Семья собиралась за большим столом под керосиновой лампой-молнией. Она опускалась и поднималась при помощи цепочки и грузила, заполненного свинцовой дробью.

Часто повторялось имя хозяина — Клионского, который сам, в свою очередь, обслуживал нефтепромышленника Мусу Нагиева. Мама сокрушалась, что бросила работу белошвейки в мастерской, но все-таки гордилась своим положением хозяйки большой семьи. Особенно весело и шумно становилось за столом, когда приходили грозный на вид дедушка Вениамин с маминой сестрой Рахилью, младший брат отца, записной шутник дядя Хаим, бабушка Эся, державшая собственную кухмистерскую и непременно приносившая нам, своим старшим внукам, что-нибудь вкусненькое. В такие вечера отступали заботы, а счастье и благополучие, казалось, обещали прийти с завтрашним рассветом...

В воскресные дни, случалось, всей семьей отправлялись на Парапет, чахлый садик в самом центре города. Пили шипучую, бьющую в нос сельтерскую воду, с любопытством рассматривали фланирующую нарядную публику. Иногда отец нанимал фаэтон и, кое-как разместившись в открытой коляске с поднятым сзади кожаным верхом, мы возвращались в ней домой. Строго по очереди каждый из нас, трех братьев, занимал место на облучке рядом с кучером и важно чмокал губами, поддергивал вожжи, прикрикивал на лошадей...

Все религиозные обряды отец чтил и исполнял свято, хотя в синагогу ходил только по праздникам. Вместе с ним с самых малых лет ходили туда и мы. Сначала в Большую синагогу, где отец имел место, а потом в Хасидскую. Молился он всегда горячо и искренне.

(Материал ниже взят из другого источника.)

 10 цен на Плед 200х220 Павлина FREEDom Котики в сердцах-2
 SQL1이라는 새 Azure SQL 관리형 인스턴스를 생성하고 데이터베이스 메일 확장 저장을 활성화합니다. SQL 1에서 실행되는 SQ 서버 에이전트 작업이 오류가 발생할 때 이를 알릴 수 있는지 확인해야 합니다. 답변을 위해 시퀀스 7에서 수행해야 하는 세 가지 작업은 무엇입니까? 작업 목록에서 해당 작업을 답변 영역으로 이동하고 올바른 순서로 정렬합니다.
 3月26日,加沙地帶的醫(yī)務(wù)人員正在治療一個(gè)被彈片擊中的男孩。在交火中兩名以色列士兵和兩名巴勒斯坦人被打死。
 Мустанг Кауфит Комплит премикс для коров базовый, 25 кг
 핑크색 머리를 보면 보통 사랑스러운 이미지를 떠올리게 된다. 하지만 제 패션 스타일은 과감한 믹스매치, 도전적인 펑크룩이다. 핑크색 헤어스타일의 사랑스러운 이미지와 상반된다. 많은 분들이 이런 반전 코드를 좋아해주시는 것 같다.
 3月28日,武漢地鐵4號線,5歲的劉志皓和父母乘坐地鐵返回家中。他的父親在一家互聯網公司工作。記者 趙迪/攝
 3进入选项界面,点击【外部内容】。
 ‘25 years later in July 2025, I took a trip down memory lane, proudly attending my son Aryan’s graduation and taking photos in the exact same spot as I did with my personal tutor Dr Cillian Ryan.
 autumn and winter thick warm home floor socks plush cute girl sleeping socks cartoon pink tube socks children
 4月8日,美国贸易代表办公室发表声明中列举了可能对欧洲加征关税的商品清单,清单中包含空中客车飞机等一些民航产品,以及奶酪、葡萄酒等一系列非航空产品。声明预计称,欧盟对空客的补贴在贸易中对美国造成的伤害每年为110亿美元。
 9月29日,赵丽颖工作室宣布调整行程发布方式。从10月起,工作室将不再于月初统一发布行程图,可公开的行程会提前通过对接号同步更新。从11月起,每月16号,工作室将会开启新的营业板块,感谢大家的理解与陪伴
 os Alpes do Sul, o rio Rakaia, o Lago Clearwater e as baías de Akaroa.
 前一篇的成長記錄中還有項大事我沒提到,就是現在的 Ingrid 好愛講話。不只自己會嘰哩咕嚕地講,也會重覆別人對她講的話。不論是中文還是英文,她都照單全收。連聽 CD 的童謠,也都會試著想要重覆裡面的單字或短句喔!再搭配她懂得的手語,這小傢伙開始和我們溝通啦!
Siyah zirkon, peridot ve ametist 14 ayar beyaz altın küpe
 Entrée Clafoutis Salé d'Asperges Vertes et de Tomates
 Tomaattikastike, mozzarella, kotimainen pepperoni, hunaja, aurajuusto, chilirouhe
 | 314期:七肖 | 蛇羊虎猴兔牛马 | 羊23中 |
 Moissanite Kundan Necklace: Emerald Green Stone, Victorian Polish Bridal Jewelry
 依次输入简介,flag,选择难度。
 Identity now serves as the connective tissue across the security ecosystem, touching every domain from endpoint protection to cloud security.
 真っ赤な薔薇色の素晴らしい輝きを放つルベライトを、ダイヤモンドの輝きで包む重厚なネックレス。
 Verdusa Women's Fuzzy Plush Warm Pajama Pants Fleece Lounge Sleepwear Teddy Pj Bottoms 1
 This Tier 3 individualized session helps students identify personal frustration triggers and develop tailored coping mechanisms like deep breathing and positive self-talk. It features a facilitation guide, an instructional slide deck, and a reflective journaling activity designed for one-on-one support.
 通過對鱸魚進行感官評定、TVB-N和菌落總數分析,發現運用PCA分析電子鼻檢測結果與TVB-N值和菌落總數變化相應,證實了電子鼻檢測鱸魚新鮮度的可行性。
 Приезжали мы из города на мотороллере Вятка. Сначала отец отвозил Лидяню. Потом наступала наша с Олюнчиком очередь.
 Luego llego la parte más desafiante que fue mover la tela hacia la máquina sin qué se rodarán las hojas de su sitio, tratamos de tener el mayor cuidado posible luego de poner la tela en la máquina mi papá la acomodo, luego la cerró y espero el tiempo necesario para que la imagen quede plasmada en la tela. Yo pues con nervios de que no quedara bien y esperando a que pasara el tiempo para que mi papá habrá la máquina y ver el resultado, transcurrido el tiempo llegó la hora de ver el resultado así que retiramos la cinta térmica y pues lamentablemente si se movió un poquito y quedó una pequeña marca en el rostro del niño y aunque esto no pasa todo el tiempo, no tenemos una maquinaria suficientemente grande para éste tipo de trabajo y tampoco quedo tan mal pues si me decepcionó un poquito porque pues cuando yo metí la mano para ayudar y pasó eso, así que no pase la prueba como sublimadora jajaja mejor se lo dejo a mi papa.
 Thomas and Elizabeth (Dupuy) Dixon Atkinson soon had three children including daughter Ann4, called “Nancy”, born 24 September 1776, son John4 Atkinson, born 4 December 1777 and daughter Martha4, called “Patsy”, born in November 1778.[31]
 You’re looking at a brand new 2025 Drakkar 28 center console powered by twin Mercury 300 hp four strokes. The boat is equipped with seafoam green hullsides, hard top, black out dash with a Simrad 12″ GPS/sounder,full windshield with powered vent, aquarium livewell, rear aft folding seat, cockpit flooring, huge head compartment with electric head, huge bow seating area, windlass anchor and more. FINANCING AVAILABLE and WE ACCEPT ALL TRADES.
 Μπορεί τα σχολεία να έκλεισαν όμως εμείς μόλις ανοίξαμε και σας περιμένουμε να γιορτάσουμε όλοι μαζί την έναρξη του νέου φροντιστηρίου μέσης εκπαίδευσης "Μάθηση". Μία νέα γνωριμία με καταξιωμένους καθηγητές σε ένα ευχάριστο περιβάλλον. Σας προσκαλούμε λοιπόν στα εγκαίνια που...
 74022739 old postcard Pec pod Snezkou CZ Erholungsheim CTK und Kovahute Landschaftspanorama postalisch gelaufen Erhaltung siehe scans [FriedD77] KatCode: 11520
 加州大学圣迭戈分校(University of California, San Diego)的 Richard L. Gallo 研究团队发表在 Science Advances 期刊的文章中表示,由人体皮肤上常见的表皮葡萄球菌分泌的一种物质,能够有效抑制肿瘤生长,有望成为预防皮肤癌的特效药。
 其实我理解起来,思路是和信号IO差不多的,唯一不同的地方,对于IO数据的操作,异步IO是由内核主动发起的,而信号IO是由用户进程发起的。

...Мне должно было стукнуть тринадцать, и отец начал ежедневно заниматься со мной, готовя к обряду бар-мицво, что означает «сын закона». Отец к тому времени уже тяжко болел и оставил непосильную для него работу на нефтепромыслах. Он переживал, что, заведуя небольшим армейским складом, получает маленькое жалование. И хотя Изя работал тоже, денег все равно не хватало. Мама втайне от отца пекла пирожки, которые я до начала занятий в школе продавал на базаре. Выкрикивая сдавленным голосом цену, я закрывал лицо рукавом, чтобы, не дай бог, кто из знакомых не увидел меня за этим занятием. А чуть кто появлялся вдали, я с тяжелым коробом на плече моментально ввинчивался в гудящую плотную толпу.

После занятий в школе отец долгими вечерами готовил меня к обряду. Я выучил наизусть а дроше — свое вступительное слово — и отрывки из Торы, которые должен был прочесть на бар-мицва. Закончив скромный ужин, отец поднимал меня из-за стола, освещенного уже не керосиновой молнией, а удлиненной, похожей на запаянный бокал без ножки, электрической лампой.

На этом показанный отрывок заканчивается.